Who is considered a third-party beneficiary of the Southern Steer Associate Agreement and entitled to enforce it?
Southern_Steer Franchise · 2025 FDDAnswer from 2025 FDD Document
- (d) The Associate also agrees that money damages alone cannot adequately compensate the Franchisee or the Franchisor if there is a breach of this Agreement by Associate, and that injunctive relief against the Associate is essential for the protection of the Franchisor and the Franchisee. Associate agrees therefore that, if the Franchisee or the Franchisor alleges that Associate has breached this Agreement, then the Franchisee and Franchisor will have the right to petition a court of competent jurisdiction for injunctive relief against the Associate, in addition to all other remedies that may be available. The Franchisee and/or Franchisor will not be required to post a bond or other security for any injunctive proceeding. If ex parte injunctive relief is granted against the Associate, then the Associate will have the right to petition the court for a hearing on the merits at the earliest time convenient to the court.
Source: Item 5 — and 7 of the FDD, Section 3.1 of the Franchise Agreement and Section 4.1 of the Multi-Unit Development Agreement are hereby amended to state that payment of the initial franchise fee and development fee will be deferred until We have satisfied Our pre-opening obligations, and You have commenced business operations. (FDD pages 168–290)

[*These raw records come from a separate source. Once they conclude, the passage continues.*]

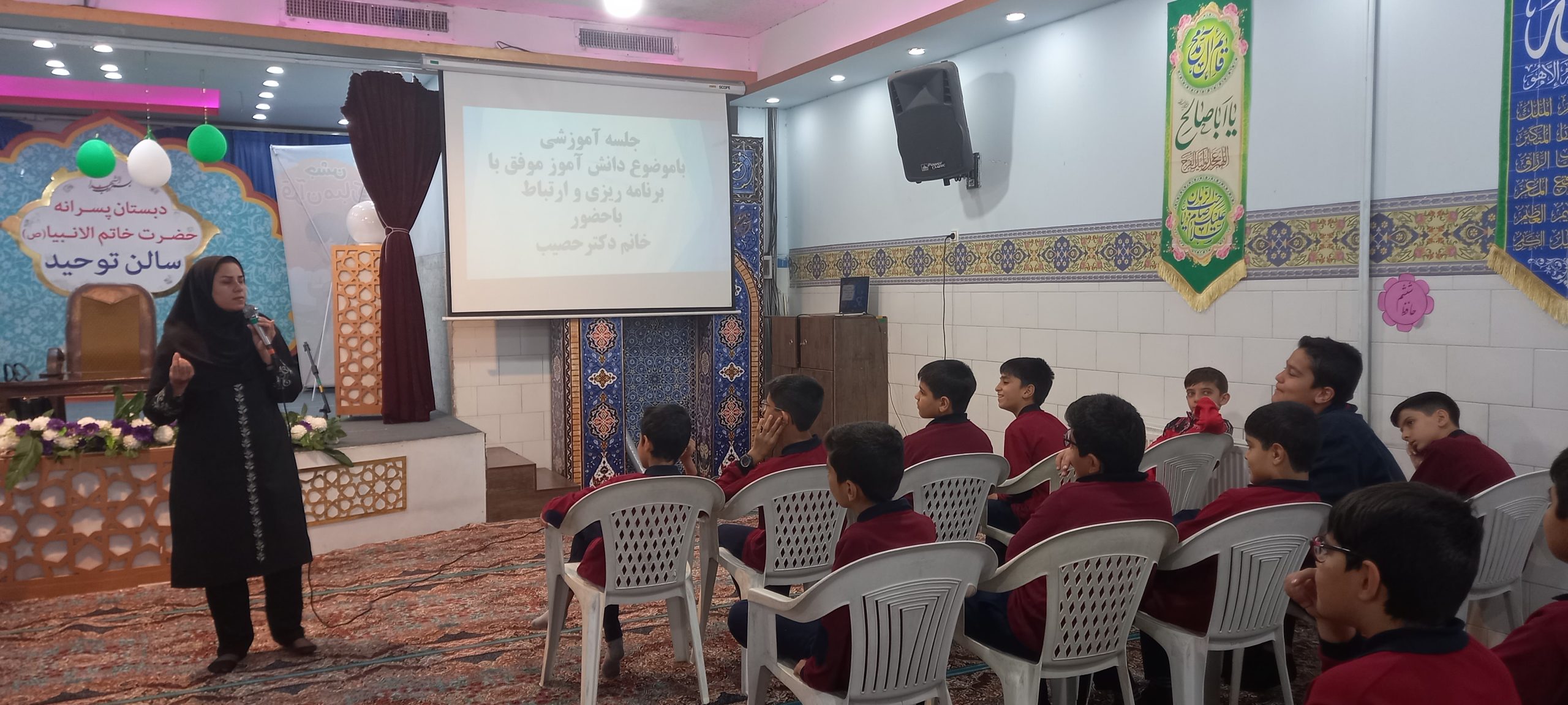 جلسه آموزشی مختص دانش آموزان پایه ششم با حضور خانم دکتر حصیب با موضوع دانش آموز موفق با برنامه ریزی و ارتباط برگزار شد.
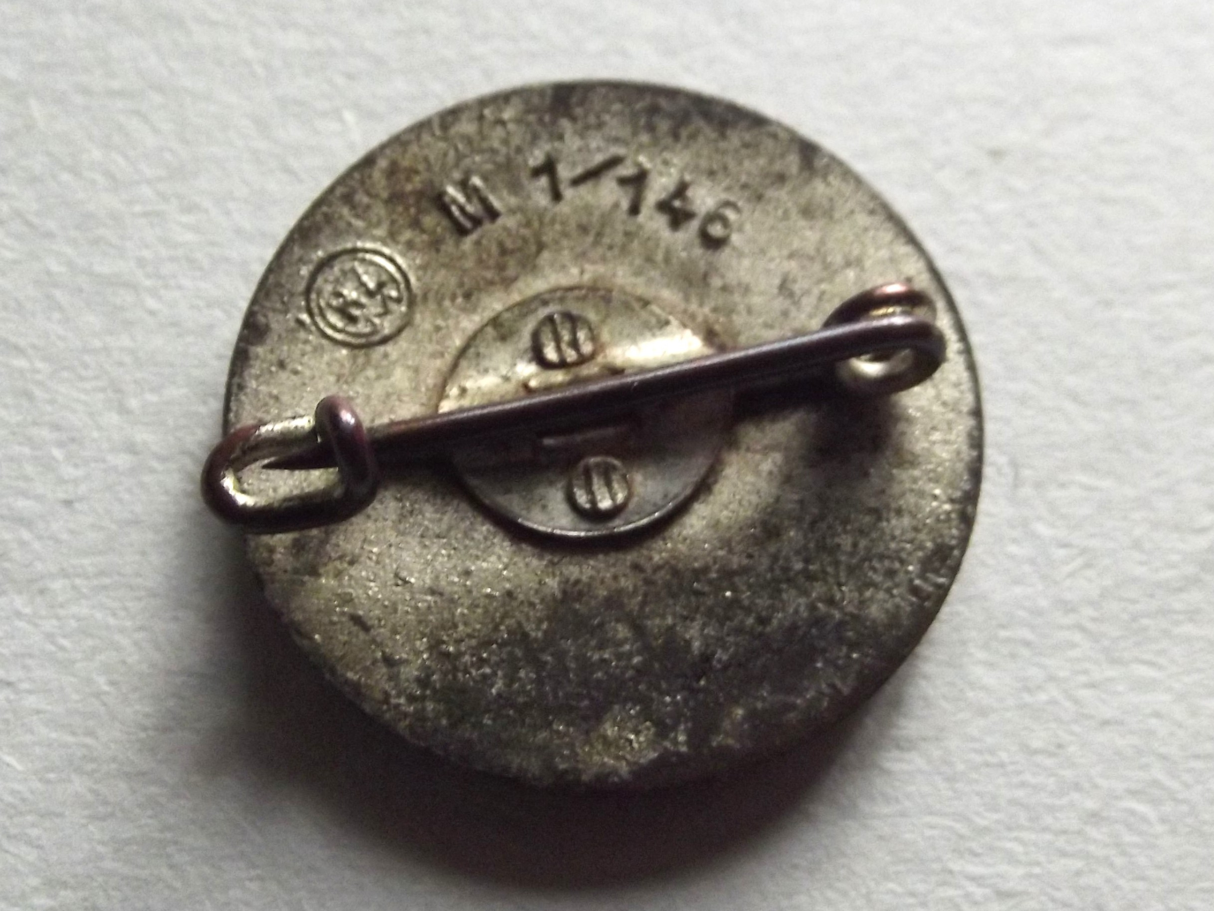 WW2 German N.S.D.A.P pin backed party badge in good used condition. The badge has the RZM mark M1/146 which is for maker is Anton Schenkls Nachf Wien. A maker not often seen.
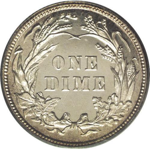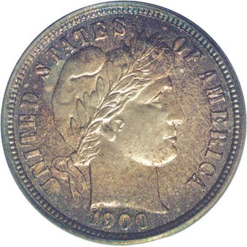 <B>1900<10C> PR67 Cameo PCGS.</B></I> A beautifully toned example, showing deep lilac, gold-brown, and cobalt-blue around the obverse periphery framing the near-brilliant center. The reverse sports faint peripheral gold-tan toning around an essentially untoned center. The design elements are crisply impressed throughout, and reveal a strong contrast with the deeply mirrored fields. The surfaces are virtually perfect, revealing no significant contact marks. Population: 5 in 67, 2 finer (4/06).
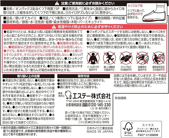 【用途】使いすてカイロ くつ専用(くつ下に貼るタイプ)
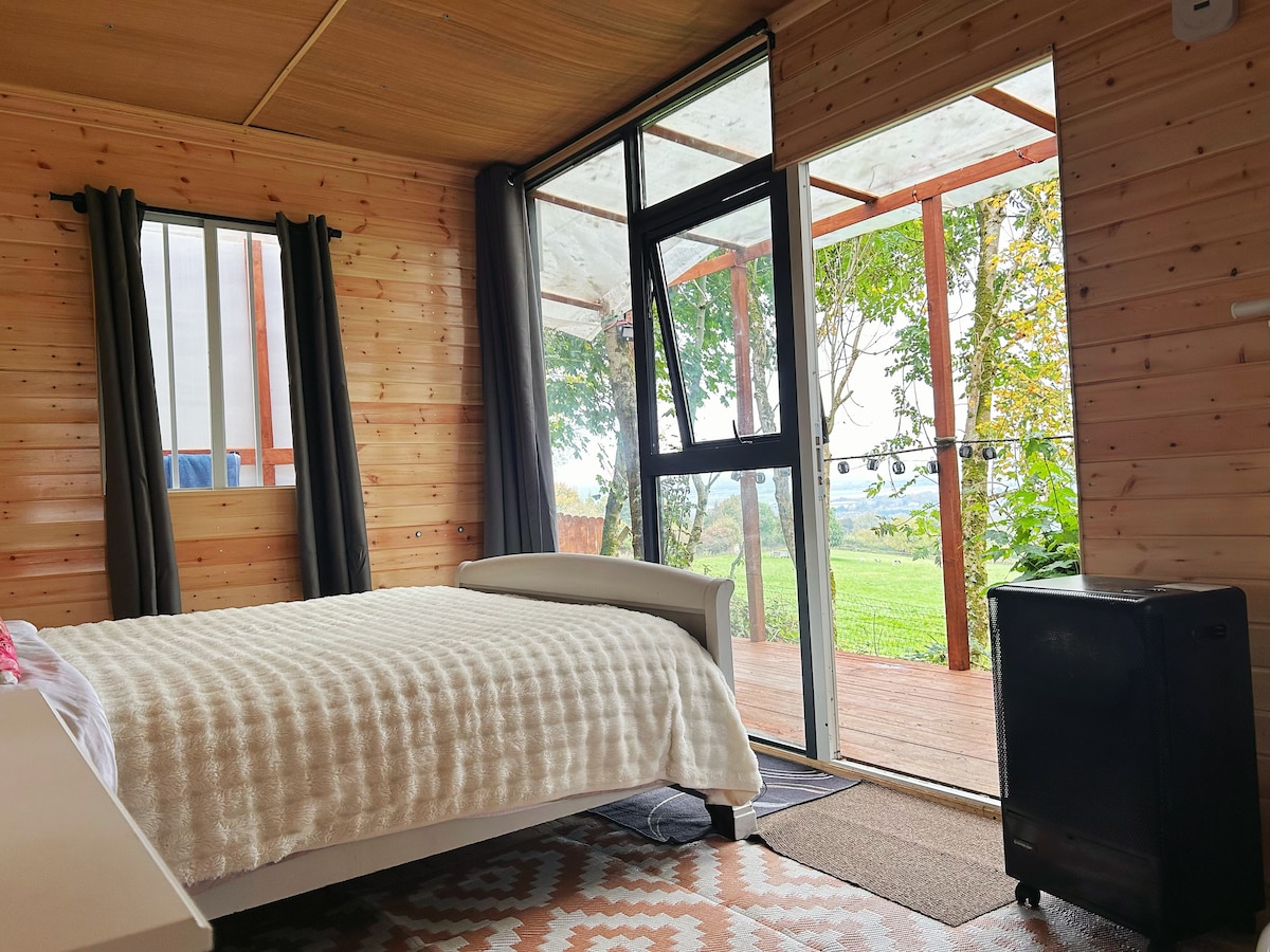 Escape to your private, fenced cabin with stunning mountain, city, and sea views. Cabins amenities include- a bathroom with a hot shower, a coffee machine, filtered water, kettle, gas heater, electric blanket, and WiFi, plus access to a shared full kitchen. Unwind in our sauna or hot tub for a small fee . Feel free to meet our farm animals(horses, alpacas, goats, and sheep. Etc) . A direct bus to the city center is just 350m away. As we are a farm ,it’s not suitable for infants or the infirm
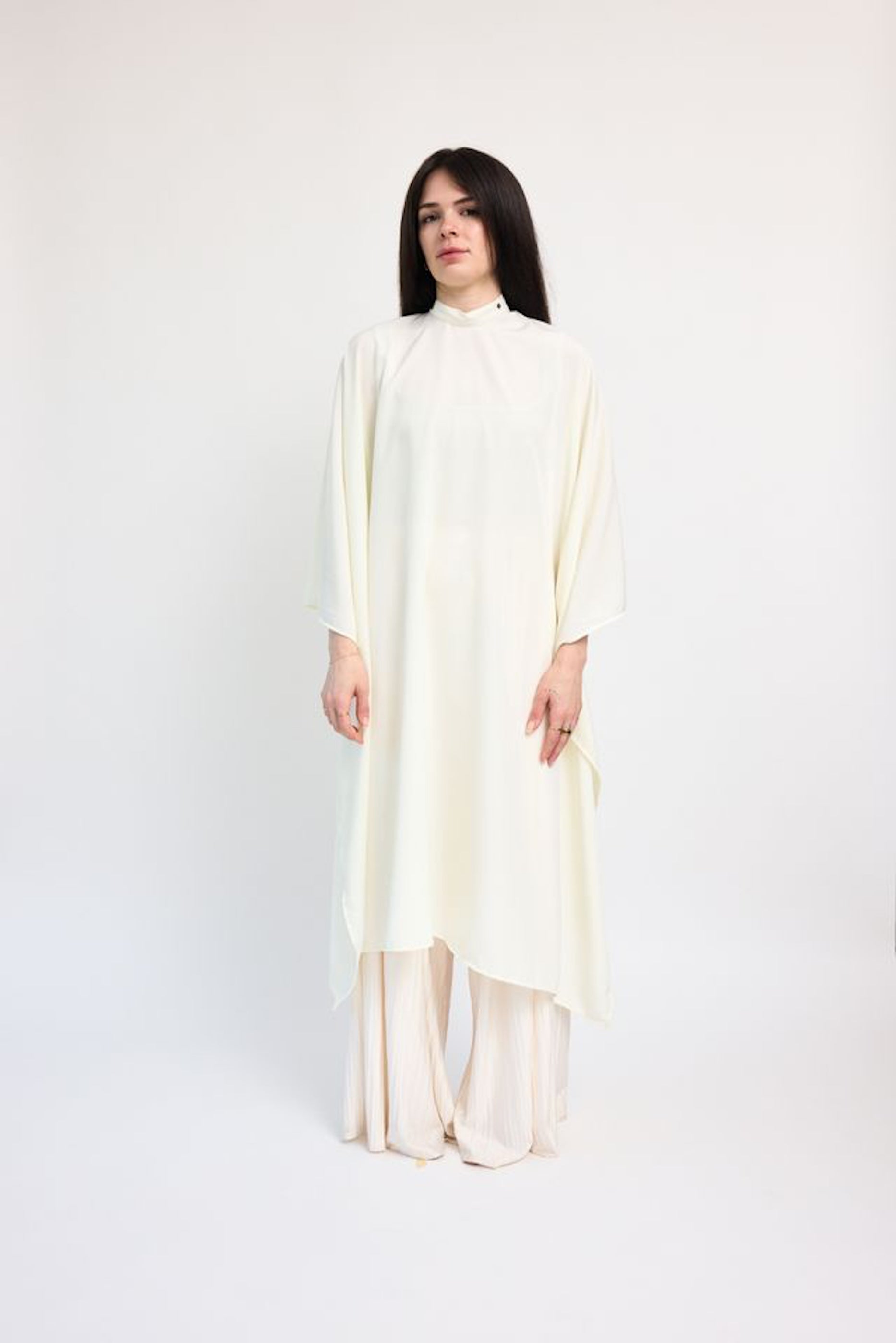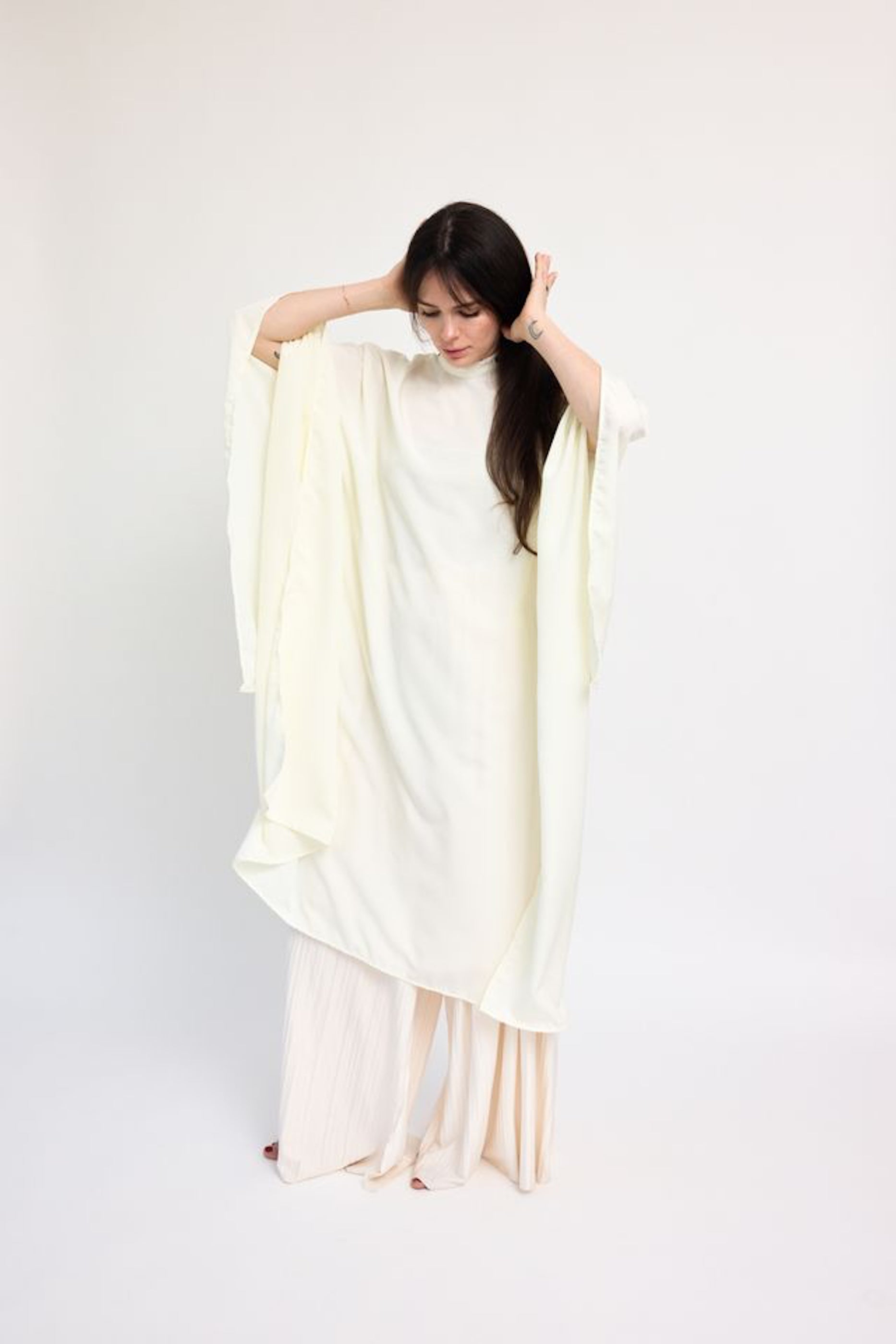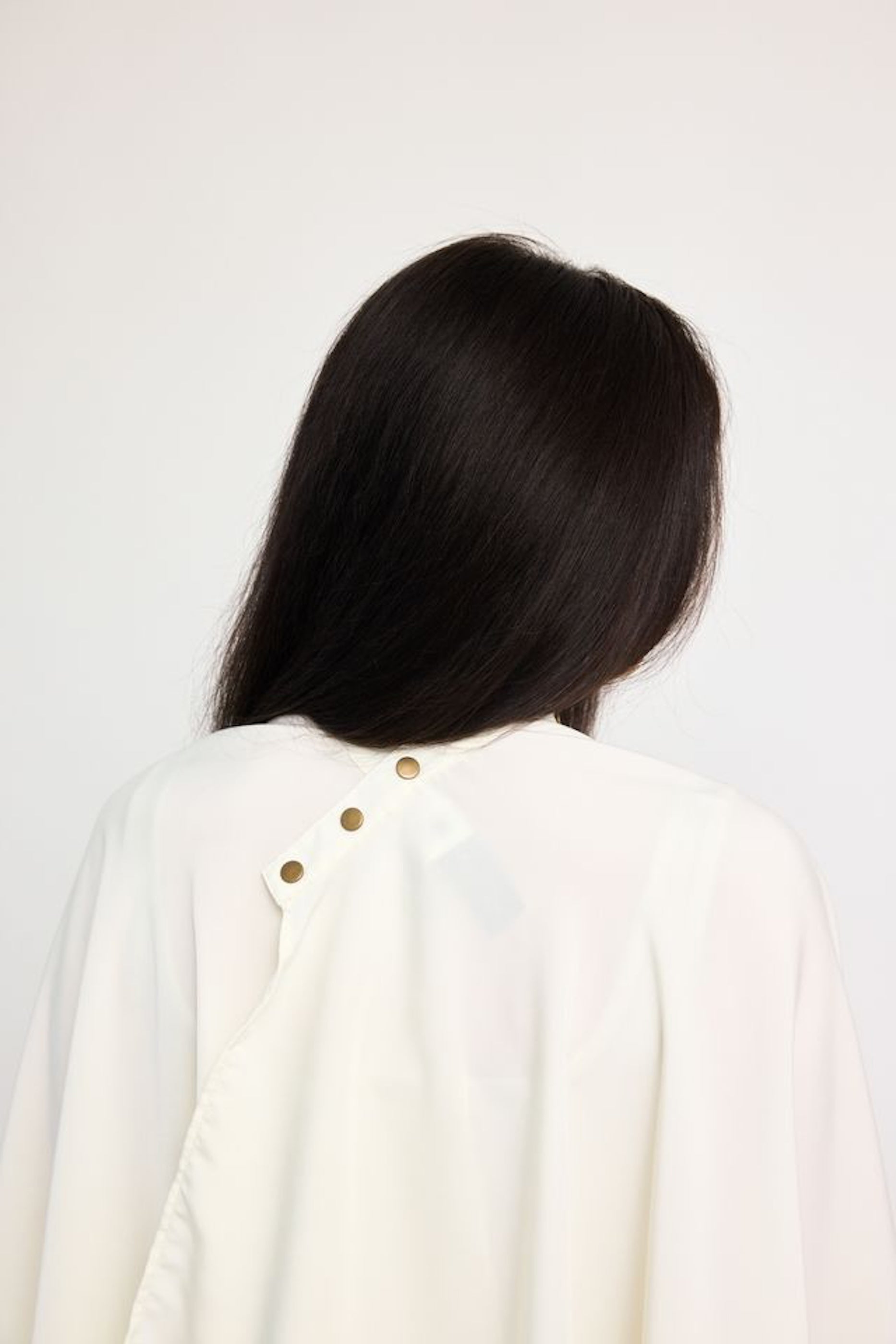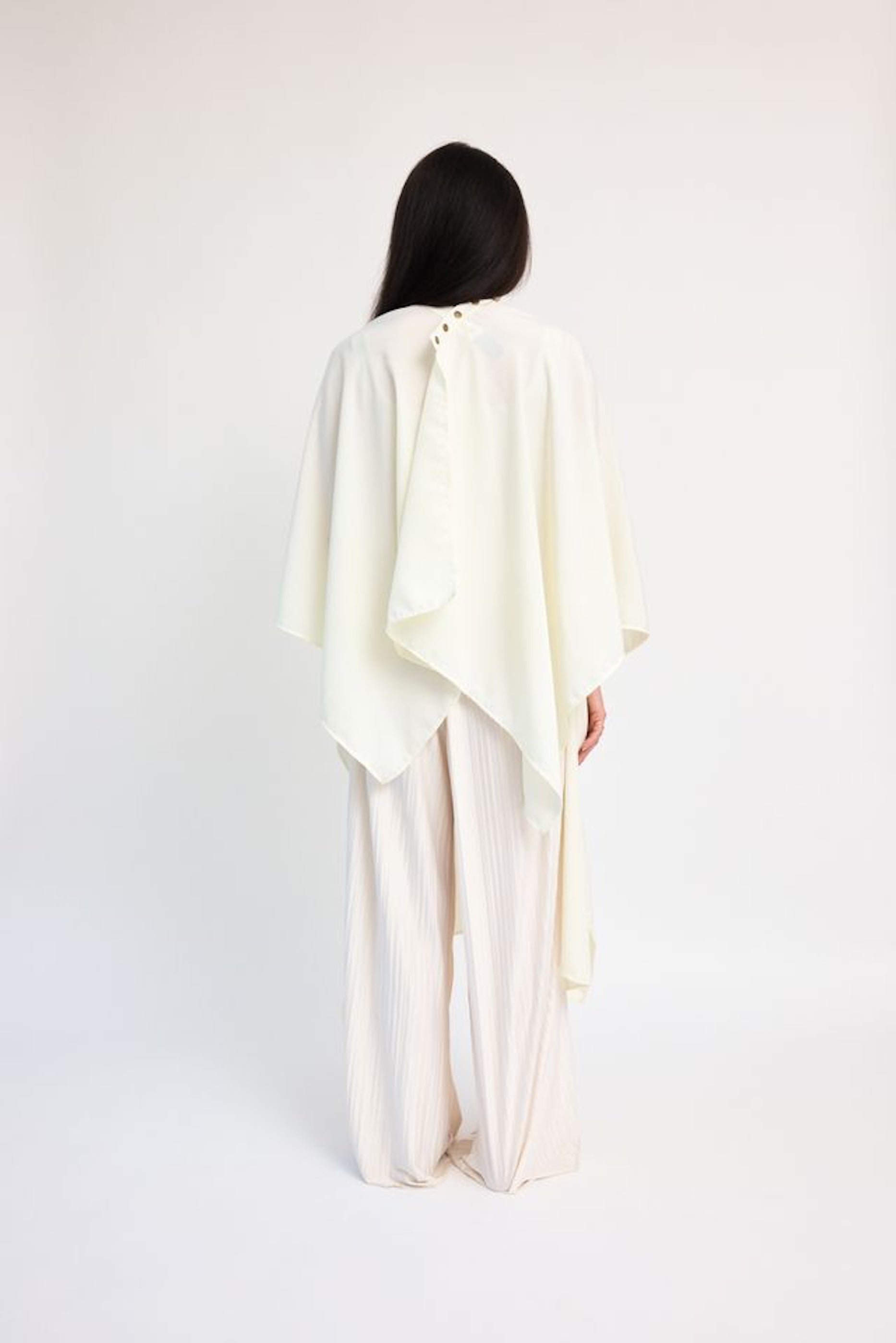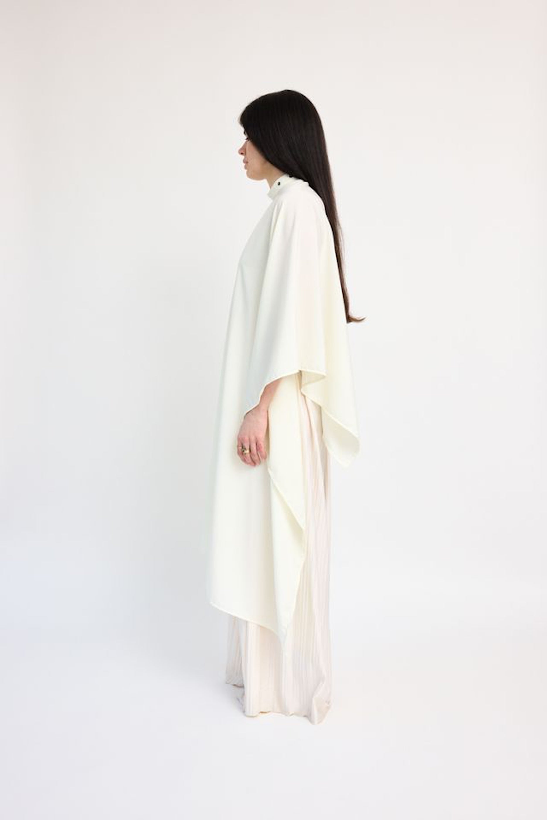 This luxurious cape comes in a dreamy shade of white that is accompanied by brushed brass hardware.

What This Means (2025 FDD)
According to the 2025 Southern Steer Franchise Disclosure Document, both the Franchisee and Franchisor are entitled to enforce the Associate Agreement. Specifically, the franchisor is considered a third-party beneficiary. This agreement outlines the obligations and restrictions on an associate's use and disclosure of Southern Steer's confidential information, trade secrets, and marks.
This means that Southern Steer, as the franchisor, has the right to take legal action against the associate if they breach the agreement, such as by disclosing confidential information or engaging in activities that compete with the Southern Steer business. This right is in addition to the rights of the franchisee, who directly employs the associate. Both the franchisee and Southern Steer can seek remedies such as injunctive relief (a court order to stop the associate from continuing the harmful behavior) and monetary damages.
This arrangement protects Southern Steer's interests by ensuring that even employees of franchisees are bound by confidentiality and non-competition obligations. It also allows Southern Steer to directly enforce these obligations, rather than relying solely on the franchisee to do so. This is particularly important because the associate's access to confidential information and trade secrets could harm the entire Southern Steer franchise system if misused.
Prospective franchisees should understand that this agreement is designed to safeguard the Southern Steer system's proprietary information and goodwill. It also highlights the importance of carefully managing employees and ensuring they understand their obligations under the Associate Agreement. Franchisees should consult with legal counsel to fully understand their rights and responsibilities in enforcing this agreement.